Woher kommt der Erfolg von Haiders Freiheitlicher Partei?

Eine Analyse

Die hohen Stimmengewinne der rechtsradikalen Freiheitlichen Partei Österreichs (FPÖ) bei der jüngsten Nationalratswahl lösten Anfang Oktober weit über die Alpenrepublik hinaus Betroffenheit und Besorgnis aus.

Mit einem Gemisch aus rassistischer Hetze gegen Ausländer, sozialer Demagogie und einer Kampagne gegen Korruption und Vetternwirtschaft war FPÖ-Parteiobmann (Vorsitzender) Jörg Haider in der Lage, mehr als jede vierte Wählerstimme zu gewinnen: 26,9 Prozent. Es gelang ihm, den weit verbreiteten Unmut über die traditionellen Regierungsparteien des Landes auf seine Mühlen zu lenken.

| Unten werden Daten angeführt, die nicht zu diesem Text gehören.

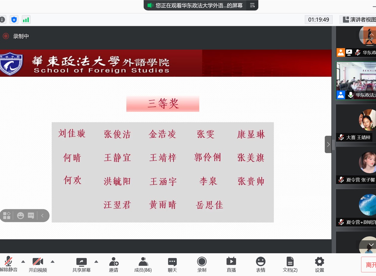 2021年6月30日晚,由华东政法大学主办的第十二届“华政杯”全国法律翻译大赛决赛于线上举行。公司2020级研究生康显琳、2018级本科生王靖梓同学最终分别荣获比赛三等奖。
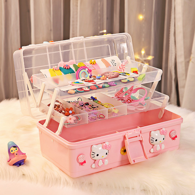 Parent-child Interactive (KT Material Package) Small Number 2 Hair Decoration Containing Box (without KT Material Package) Super Large Number 3 Layer Hair Accessories Box (without KT Material Package) super-large number 3 layers of hair decoration box (
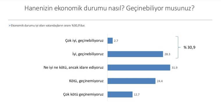 Katılımcılara yöneltilen "Geçinebiliyor musunuz?" sorusuna, ankete katılanların sadece yüzde 30,9'u evet cevabını verirken hayatından memnun olduğunu söyleyenlerin toplam oranı %30'da kaldı. Böylece "geçinemediğini" belirtenler yüzde 69,01 olarak kaydedildi.
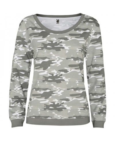 Damen Sweatshirt, Camouflage-Design. Weiter Halsausschnitt. Kontrastfarben: 1x1 gerippter Rundhalsausschnitt, Ärmelbündchen und Saum.
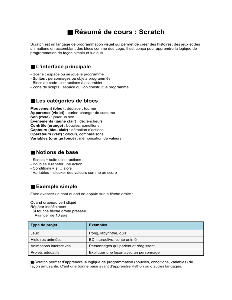 Résumé de cours Scratch : Apprenez la programmation visuelle
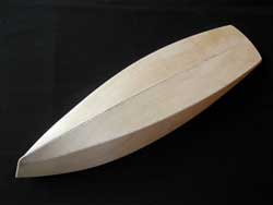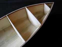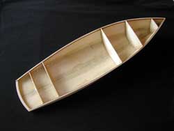 This month sees the completion of the 12th scale hull. Once all the panels are stitched together the sheer is held at the correct shape with some short lengths of wood. Then the bulkheads (frames) are fitted, size checked and glued into position. The structure is now quite rigid and all the panel interfaces can be glass/epoxy taped. Finally the stitches are taken out and this is the result.....
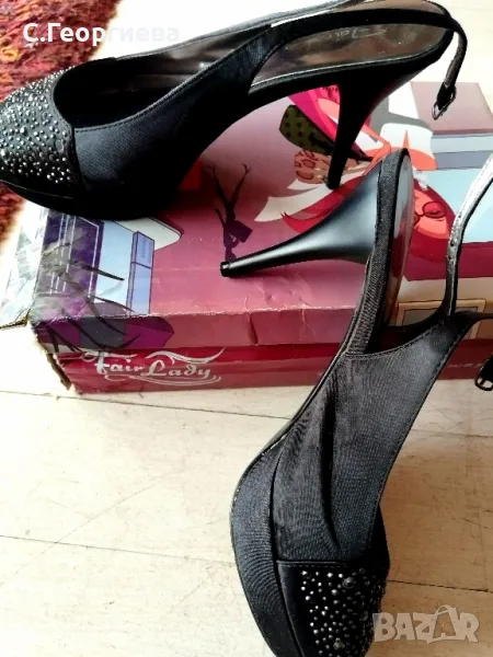 Обувките са изключително запазени! Всички камъчета са си на мястото. Носени са само на един единствен повод и ми бяха много удобни! Размера на тока е 10см.

Von ganz wenigen Jahren abgesehen herrschte in Österreich in den vergangenen fünfzig Jahren fast durchgehend eine Große Koalition, in der sich die Sozialdemokraten und die Österreichische Volkspartei (ÖVP) die politische Macht und die Posten teilten. Nun verdrängte Haider die Volkspartei und seine FPÖ wurde zweitstärkste Partei. Seitdem ziehen sich die Verhandlungen zur Bildung einer neuen Regierung in Wien hin.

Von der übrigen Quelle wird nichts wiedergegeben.